Since joining the project management community and the many would-be examinees preparing to take the PMP examination, I keep hearing it stressed that much of a project manager’s time is spent communicating, an activity I am familiar with in another profession: journalism.
Given this fact, I can easily agree with a colleague having a similar background that newspaper experience qualifies as project management experience. The very nature of any newspaper, magazine, and television news program is to communicate; and, depending on the kind of news reported, each has its own type of audience, or stakeholders, whose interests will be covered. Likewise, a project has stakeholders with whom the project manager must be in constant communication to keep them apprised of the project’s progress.
Yet, still some may argue that newspaper experience does not qualify as project management experience. The third edition of the PMBOK Guide states otherwise, identifying publishing a newspaper or magazine as “a program with each individual issue managed as a project.”[1] Additionally, the PMBOK emphasizes processes as being the foundation for managing and executing a project.
Consider a news team’s editorial process. A news room’s editorial process incorporates sub-processes similar to those of the communication process outlined in the fourth edition of the PMBOK.[2] Some of those sub-processes include:
- Identifying stakeholders impacted by the project and then documenting information relevant to their interests, involvement, and impact on a project’s success.
- Planning communications to determine the information needs and to define the communications approach.
- Distributing information relevant to the stakeholders as planned.
What’s also determined by the editorial team is how the news is reported. So, if it is a story meant to be soft news with a subjective slant, the article will be reported as such. Otherwise, the story will be an objective, hard news story. (“Just the facts, ma’am.”)[3] In this instance, the editorial team considers what its stakeholders want to read or hear just as a project manager considers what information to report to a project’s stakeholders.
Once planning what to cover in the newspaper or broadcast is complete, the reporters pursue their research and sources so they may write their stories and submit them for editing. (The advertising and design people also perform their tasks—which have their own unique processes—to help create a publication or broadcast, but our focus for now will stick to the editorial process.) Granted that there are no missed deadlines from reporters and information reported is accurate, the editorial team is ready to put its contribution to an edition of a newspaper to rest. Similarly, a project team succeeding in fulfilling its stakeholders requirements can deliver the product. In both instances what was planned was delivered.

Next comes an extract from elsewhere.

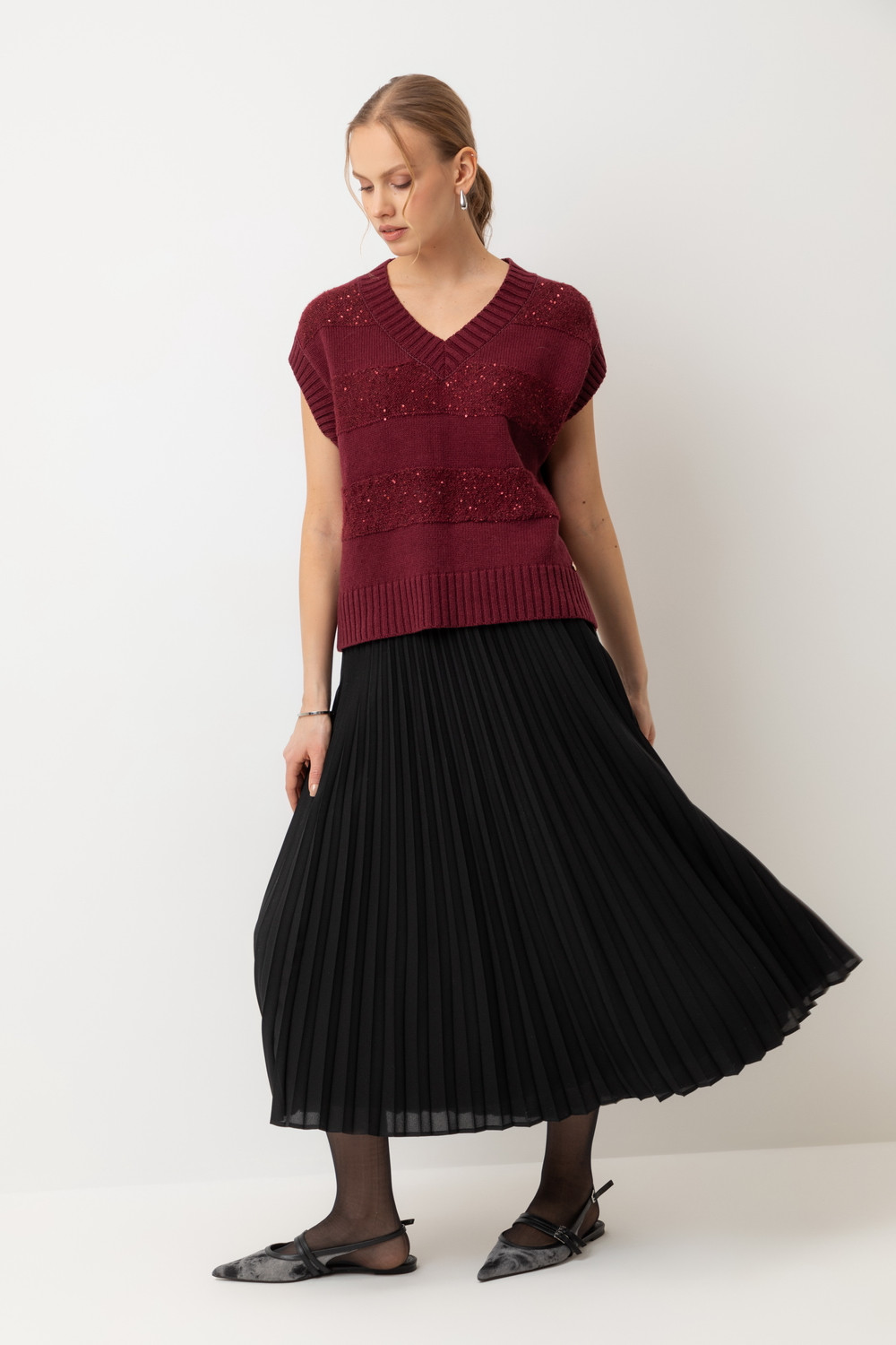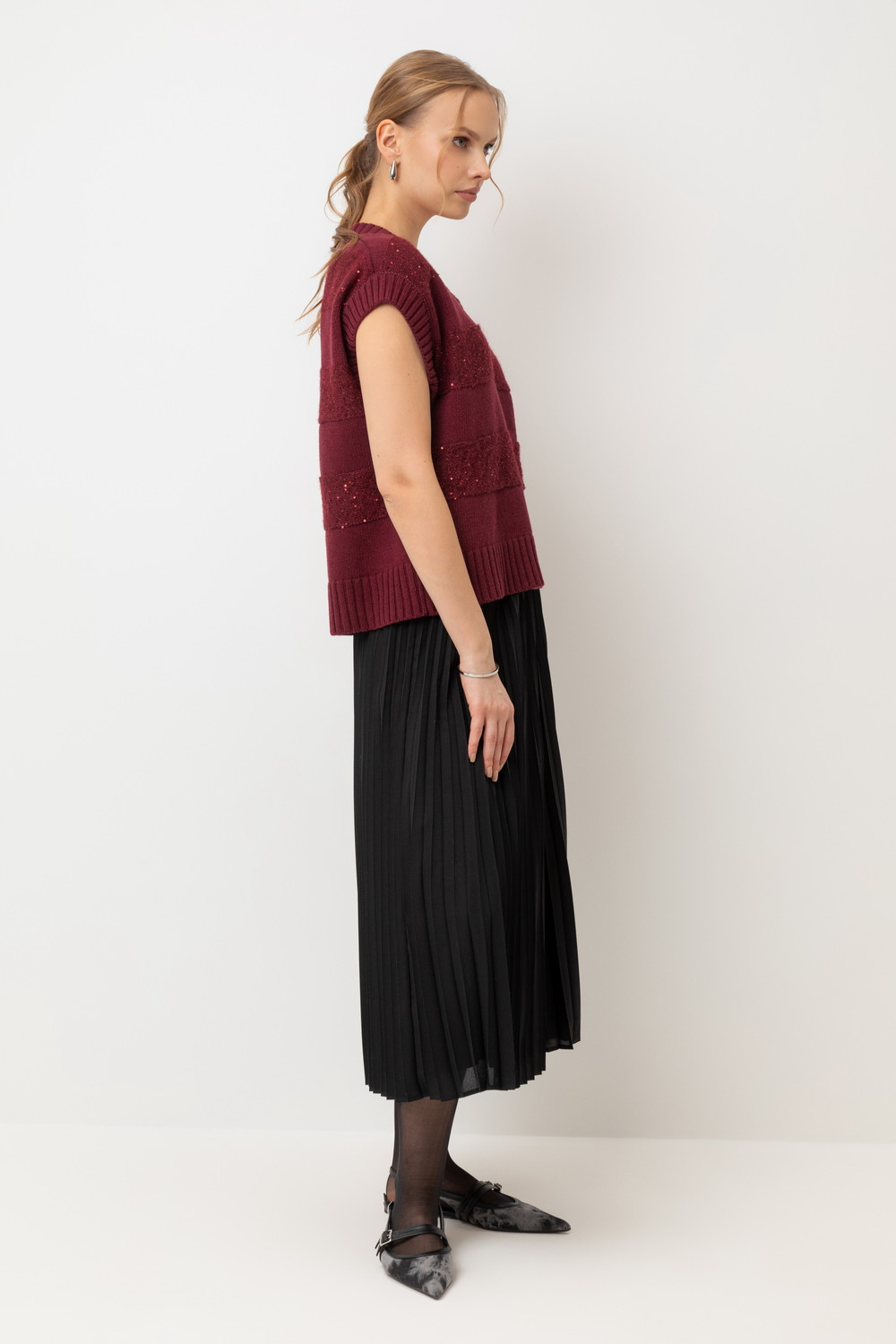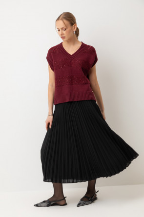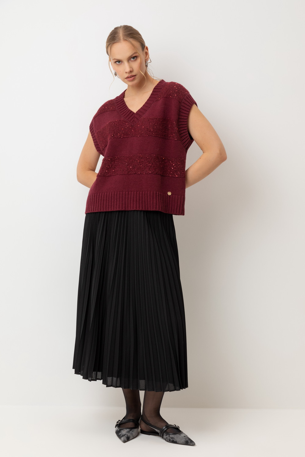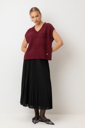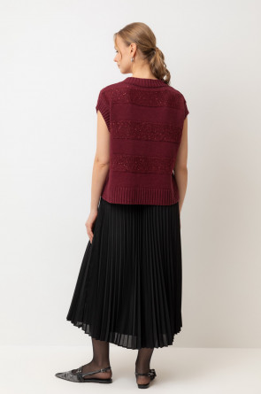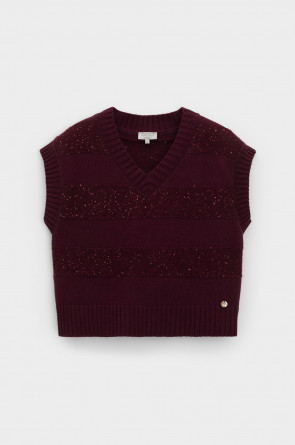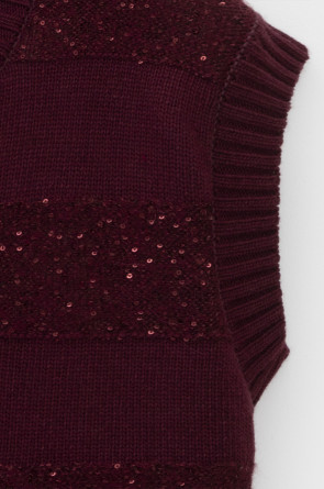 Жилет из изысканной пряжи с пайетками. Уникальное сочетание натуральных волокон обеспечивает непревзойденную мягкость. Меринос отлично удерживает тепло, альпака дарит легкость и воздушность, кашемир придает шелковистость, а вискоза приятный блеск. Нежные пайетки ненавязчиво мерцают при каждом движении, добавляя Вашему образу утонченную элегантность.

Will anyone bite on my argument now?
[1] See Project Management Body of Knowledge, 3rd Edition. The fourth edition does not make reference to a publishing an edition of a newspaper or magazine as project work.
[2] See Project Management Body of Knowledge, 4th Edition.
[3] While this quote has been attributed to “Sergeant Joe Friday” a television character from the series Dragnet, an argument has been that the quote is actually a rephrasing of what the character actually said.